#### [TASK REQUIREMENTS]
Please reproduce the data exactly and omit the pictures.

○ ○ ○ ○ ○ ○ ○

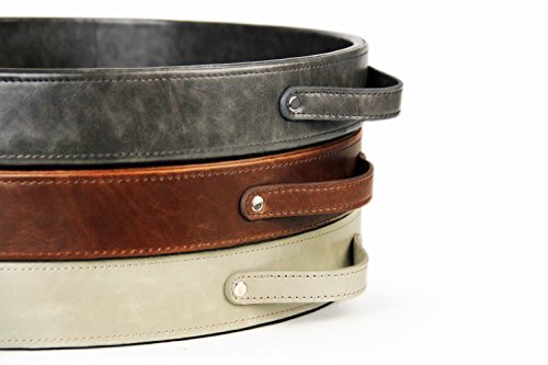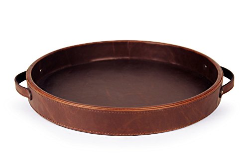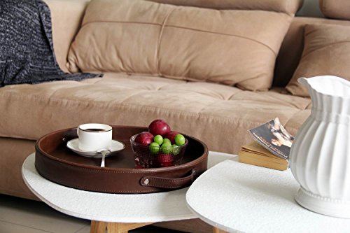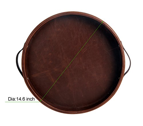 Ms.Box PU Leather Round Serving Tray with Handles, Brown
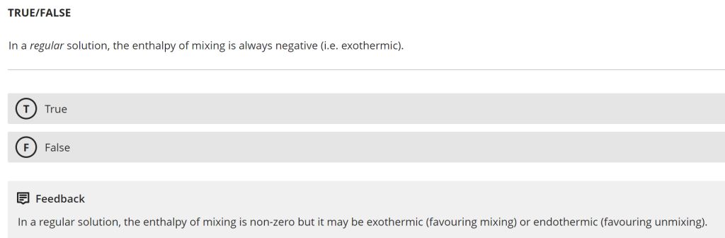 这道题的答案是 False(错误)。核心逻辑:正规溶液(regular solution)的混合焓(enthalpy of mixing, ΔHmix)并非“总是为负(放热,exothermic)”,而是非零(≠0),可根据原子间相互作用呈现放热(ΔHmix<0)或吸热(ΔHmix>0)两种情况
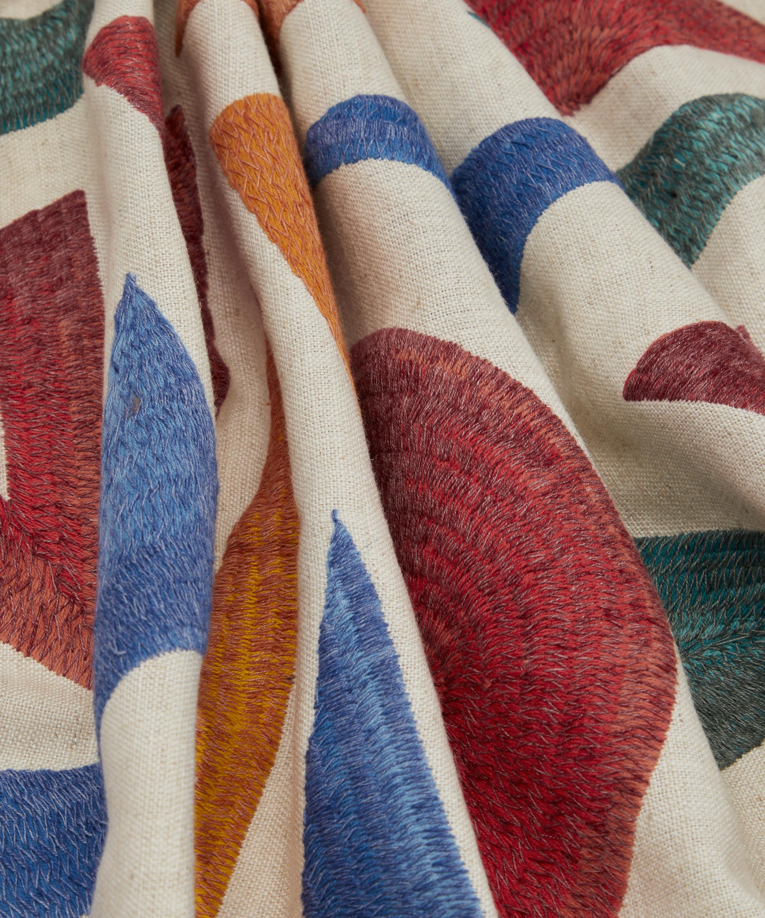 A playful embroidered design, Explosion features a layered yarn which simulates a painterly ombre effect, mimicking brush strokes on a canvas – ideal for drapery and decorative accessories such as cushions.
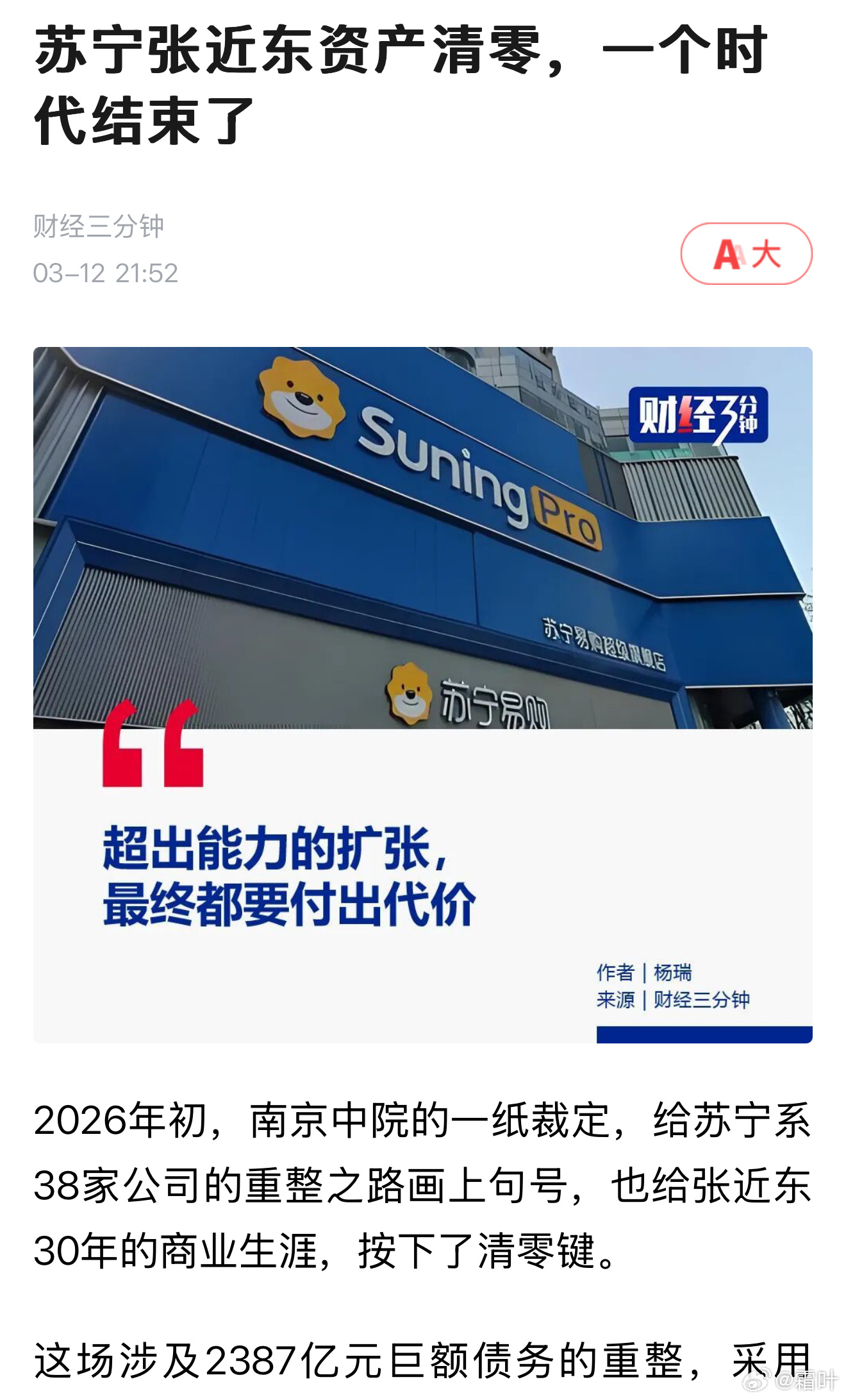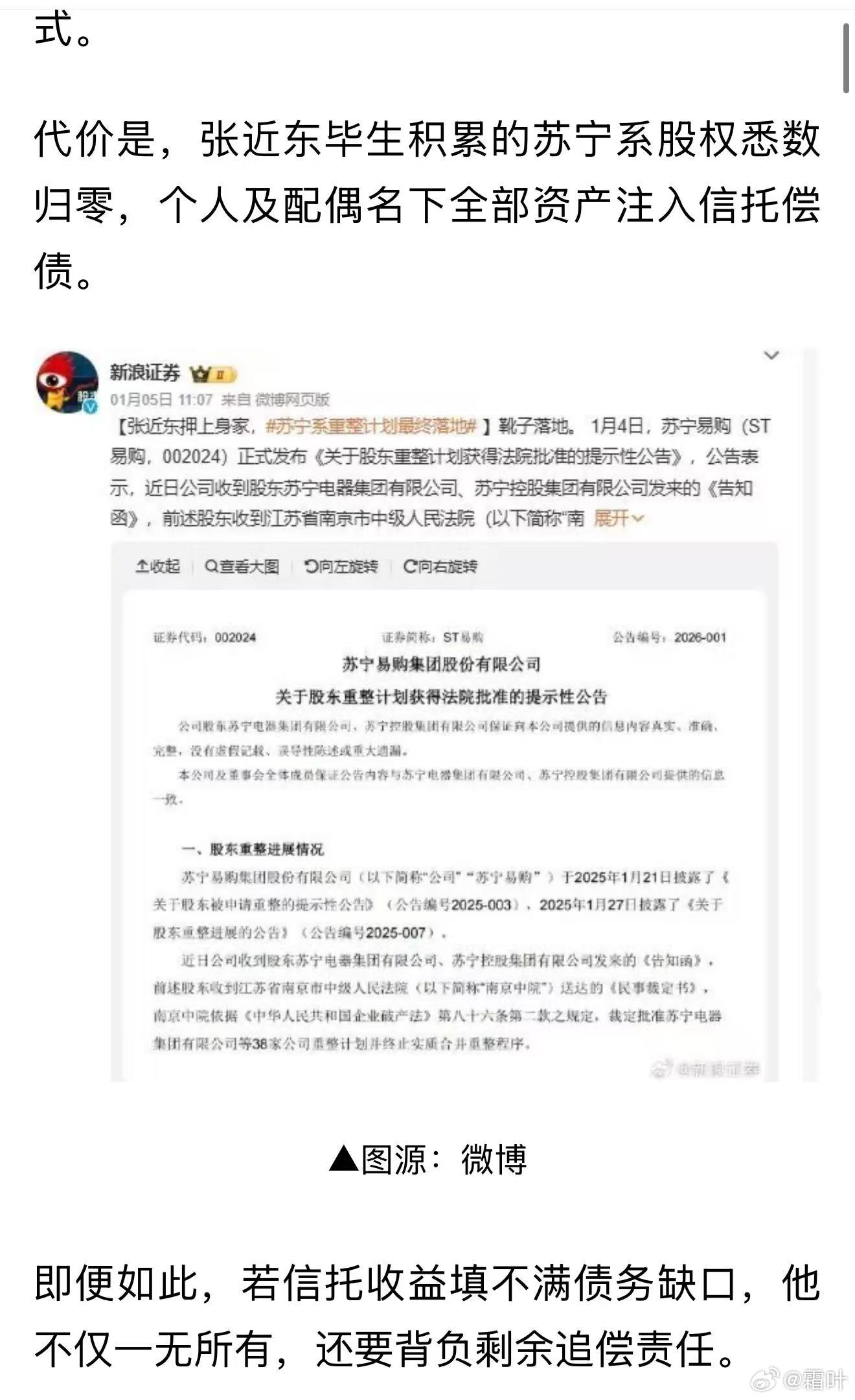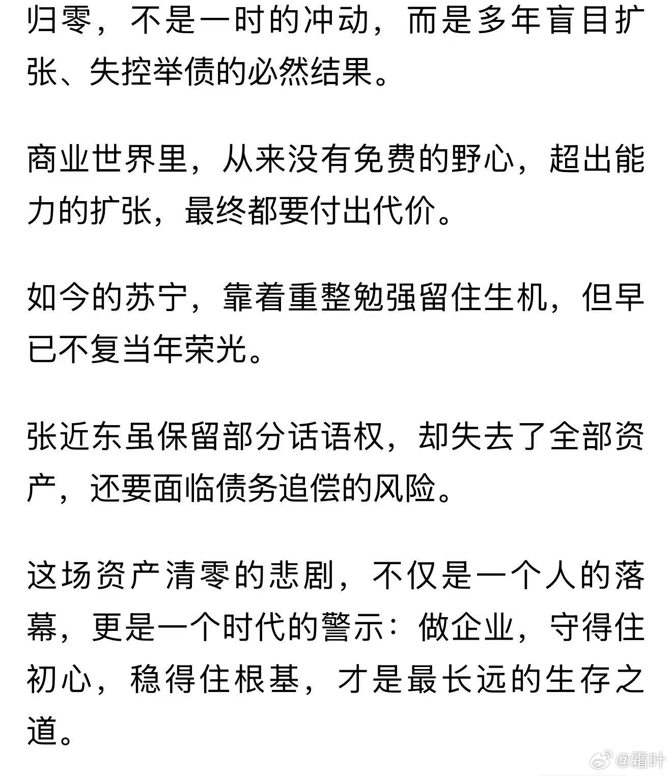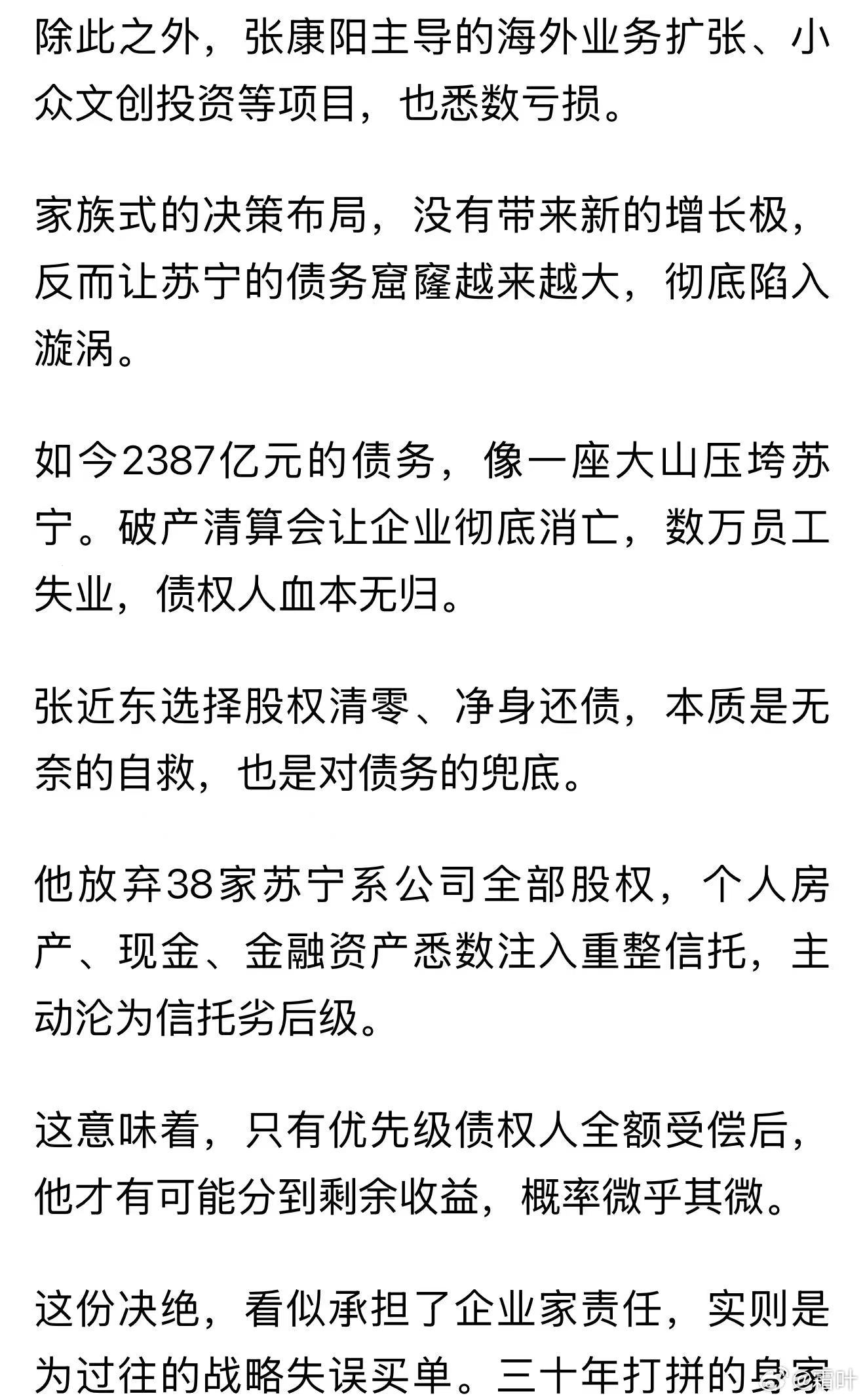 张近东及其家族虽败,但起码是有担当的!不像解直锟及其家族,骗取十余万人的数千亿血
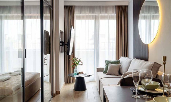 The apartment consists of a cozy bedroom with a comfortable 2-person bed and a living room, where you will find a comfortable sofa bed with sleeping function for 2 people. In the living room you will also find a table with chairs, which is perfect for shared meals. The open and fully equipped kitchen will allow you to prepare your favorite meals at any time. The bathroom is also fully equipped and furnished, ensuring your comfort during your stay.
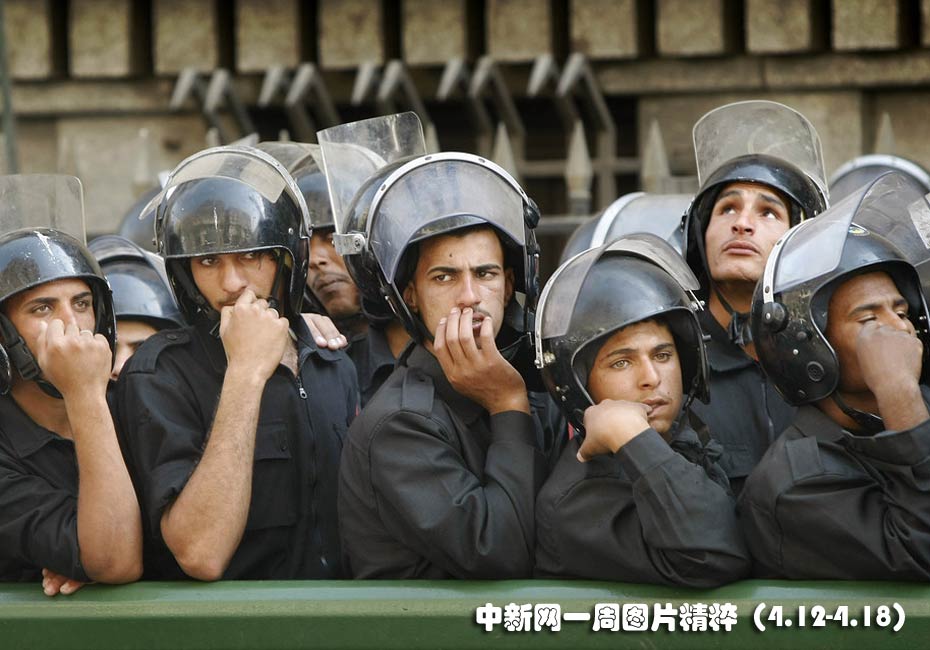 4月13日周二,埃及開羅市中心一支安全部隊封鎖示威者。
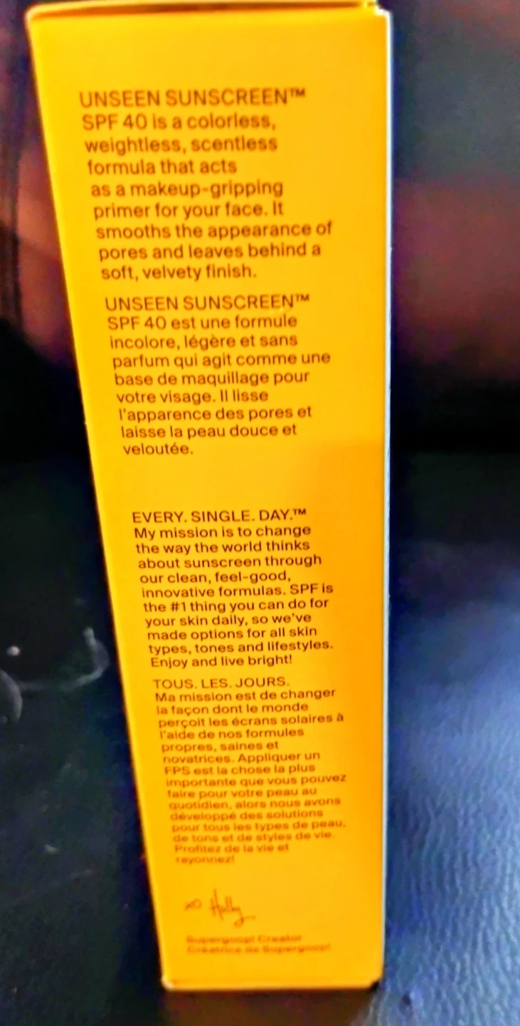 Supergoop! Unseen Sunscreen SPF 40. Broad spectrum sunscreen with a natural finish. Water-resistant for 40 minutes. Expiration 03/2027.

○ ○ ○ ○ ○ ○ ○

#### [WRITTEN SOLUTION]
 Ms.Box PU Leather Round Serving Tray with Handles, Brown
 这道题的答案是 False(错误)。核心逻辑:正规溶液(regular solution)的混合焓(enthalpy of mixing, ΔHmix)并非“总是为负(放热,exothermic)”,而是非零(≠0),可根据原子间相互作用呈现放热(ΔHmix<0)或吸热(ΔHmix>0)两种情况
 A playful embroidered design, Explosion features a layered yarn which simulates a painterly ombre effect, mimicking brush strokes on a canvas – ideal for drapery and decorative accessories such as cushions.
 张近东及其家族虽败,但起码是有担当的!不像解直锟及其家族,骗取十余万人的数千亿血
 The apartment consists of a cozy bedroom with a comfortable 2-person bed and a living room, where you will find a comfortable sofa bed with sleeping function for 2 people. In the living room you will also find a table with chairs, which is perfect for shared meals. The open and fully equipped kitchen will allow you to prepare your favorite meals at any time. The bathroom is also fully equipped and furnished, ensuring your comfort during your stay.
 4月13日周二,埃及開羅市中心一支安全部隊封鎖示威者。
 Supergoop! Unseen Sunscreen SPF 40. Broad spectrum sunscreen with a natural finish. Water-resistant for 40 minutes. Expiration 03/2027.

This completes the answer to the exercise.